## [TASK TO CARRY OUT]
Nothing should appear in the answer except the lines below from the line containing "AZ4007-01L is a" through the line containing "全体教职工在犀浦校区X532", copied exactly, with pictures left out.

## [DATA IN THIS EXERCISE]
------------------------------------------------------------------------

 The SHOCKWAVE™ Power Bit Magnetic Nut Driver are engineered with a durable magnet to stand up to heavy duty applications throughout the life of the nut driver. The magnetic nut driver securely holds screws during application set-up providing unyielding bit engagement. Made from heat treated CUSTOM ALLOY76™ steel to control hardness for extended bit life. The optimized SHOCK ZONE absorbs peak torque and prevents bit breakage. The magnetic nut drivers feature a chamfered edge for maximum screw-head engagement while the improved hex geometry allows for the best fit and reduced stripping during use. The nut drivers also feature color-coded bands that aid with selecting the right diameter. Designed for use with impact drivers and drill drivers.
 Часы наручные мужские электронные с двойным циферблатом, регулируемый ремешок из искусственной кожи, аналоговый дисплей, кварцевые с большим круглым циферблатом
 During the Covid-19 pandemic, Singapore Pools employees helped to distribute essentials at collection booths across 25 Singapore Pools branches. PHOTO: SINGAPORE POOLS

------------------------------------------------------------------------

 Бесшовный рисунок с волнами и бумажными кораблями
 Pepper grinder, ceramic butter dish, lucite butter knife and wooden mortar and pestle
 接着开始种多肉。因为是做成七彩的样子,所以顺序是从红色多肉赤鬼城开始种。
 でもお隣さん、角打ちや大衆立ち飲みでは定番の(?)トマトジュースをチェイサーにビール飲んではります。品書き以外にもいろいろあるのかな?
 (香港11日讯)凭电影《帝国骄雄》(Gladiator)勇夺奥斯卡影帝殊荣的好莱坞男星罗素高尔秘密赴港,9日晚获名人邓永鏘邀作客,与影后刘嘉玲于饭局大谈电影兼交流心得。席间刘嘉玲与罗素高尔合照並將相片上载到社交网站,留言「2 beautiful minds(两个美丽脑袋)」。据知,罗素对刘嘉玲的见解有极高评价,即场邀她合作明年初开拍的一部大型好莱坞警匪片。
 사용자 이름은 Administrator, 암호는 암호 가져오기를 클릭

------------------------------------------------------------------------

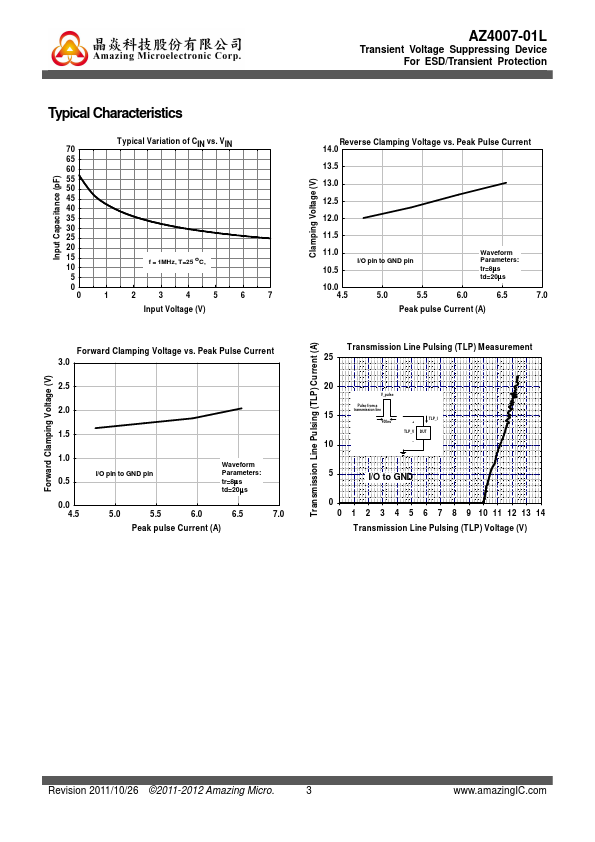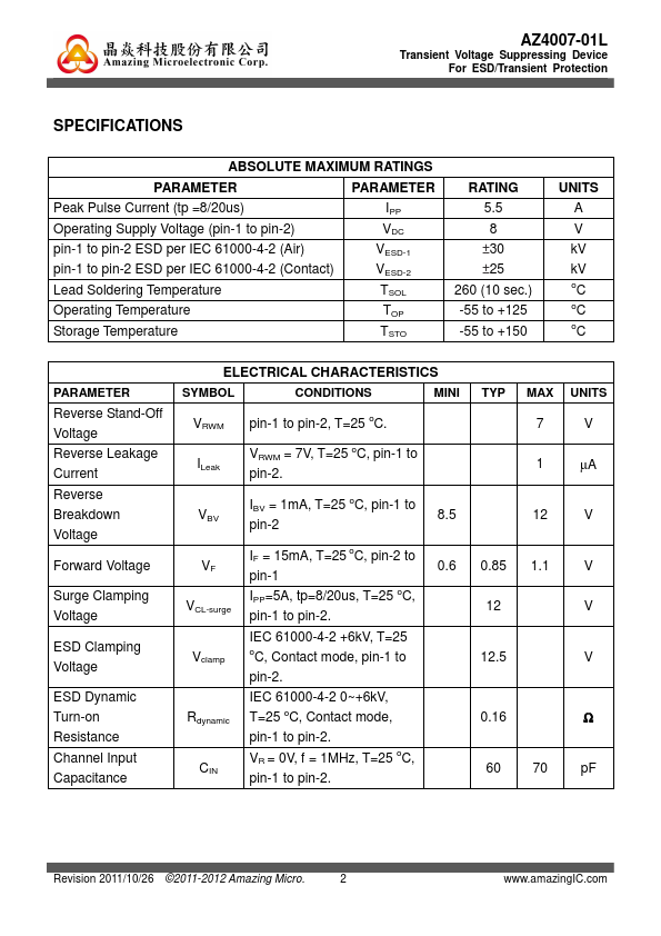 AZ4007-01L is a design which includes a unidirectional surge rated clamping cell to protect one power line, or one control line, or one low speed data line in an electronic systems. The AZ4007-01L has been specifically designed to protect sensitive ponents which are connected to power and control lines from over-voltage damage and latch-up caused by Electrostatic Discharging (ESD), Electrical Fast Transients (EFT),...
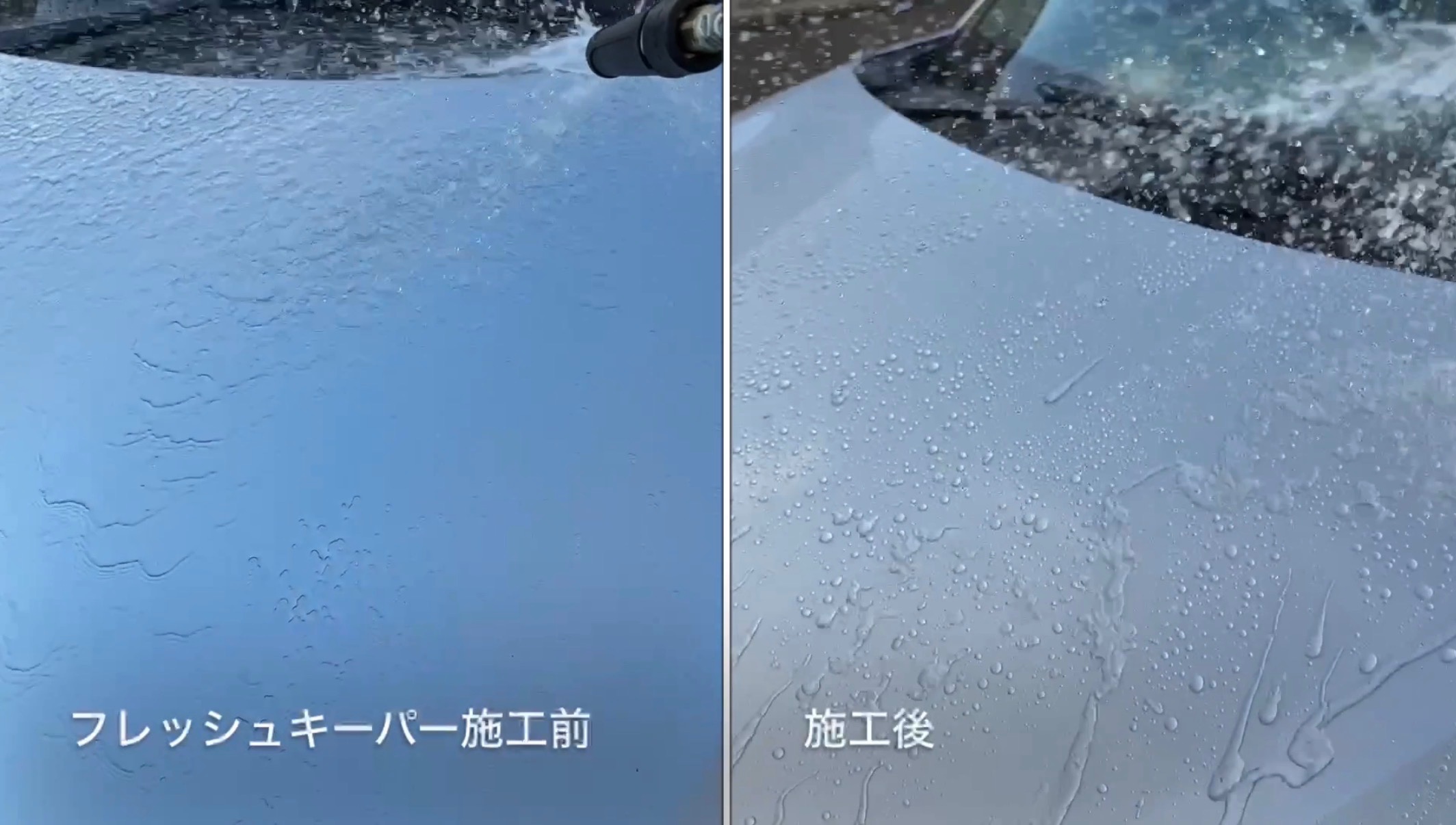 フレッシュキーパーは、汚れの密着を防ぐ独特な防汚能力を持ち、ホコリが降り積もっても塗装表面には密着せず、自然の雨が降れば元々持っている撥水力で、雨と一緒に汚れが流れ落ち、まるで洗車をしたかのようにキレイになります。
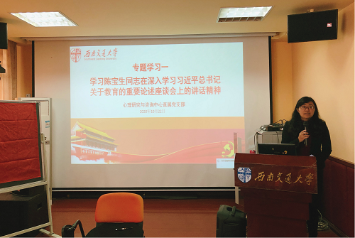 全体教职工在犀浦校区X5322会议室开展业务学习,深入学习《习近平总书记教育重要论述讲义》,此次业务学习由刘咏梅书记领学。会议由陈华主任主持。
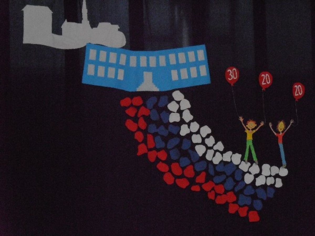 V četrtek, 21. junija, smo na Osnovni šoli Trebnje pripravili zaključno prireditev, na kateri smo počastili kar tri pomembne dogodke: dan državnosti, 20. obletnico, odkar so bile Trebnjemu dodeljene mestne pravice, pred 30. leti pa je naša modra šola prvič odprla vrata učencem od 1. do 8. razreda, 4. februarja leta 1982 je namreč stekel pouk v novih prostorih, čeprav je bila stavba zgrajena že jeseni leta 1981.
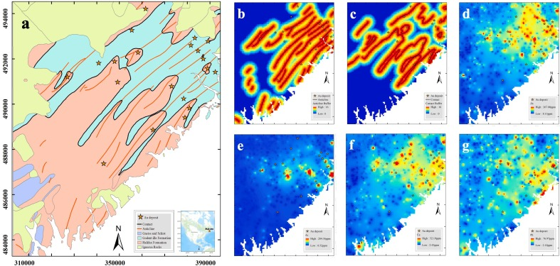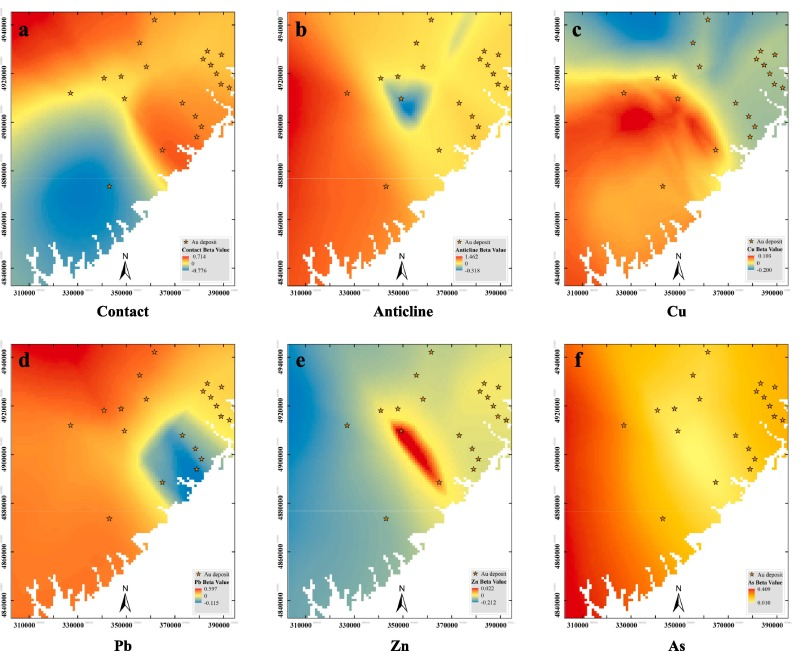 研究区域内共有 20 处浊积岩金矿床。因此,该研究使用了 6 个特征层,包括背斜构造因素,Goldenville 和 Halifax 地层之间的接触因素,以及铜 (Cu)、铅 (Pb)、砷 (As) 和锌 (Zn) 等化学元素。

------------------------------------------------------------------------

## [RESULT FOR THIS EXERCISE]
 AZ4007-01L is a design which includes a unidirectional surge rated clamping cell to protect one power line, or one control line, or one low speed data line in an electronic systems. The AZ4007-01L has been specifically designed to protect sensitive ponents which are connected to power and control lines from over-voltage damage and latch-up caused by Electrostatic Discharging (ESD), Electrical Fast Transients (EFT),...
 フレッシュキーパーは、汚れの密着を防ぐ独特な防汚能力を持ち、ホコリが降り積もっても塗装表面には密着せず、自然の雨が降れば元々持っている撥水力で、雨と一緒に汚れが流れ落ち、まるで洗車をしたかのようにキレイになります。
 全体教职工在犀浦校区X5322会议室开展业务学习,深入学习《习近平总书记教育重要论述讲义》,此次业务学习由刘咏梅书记领学。会议由陈华主任主持。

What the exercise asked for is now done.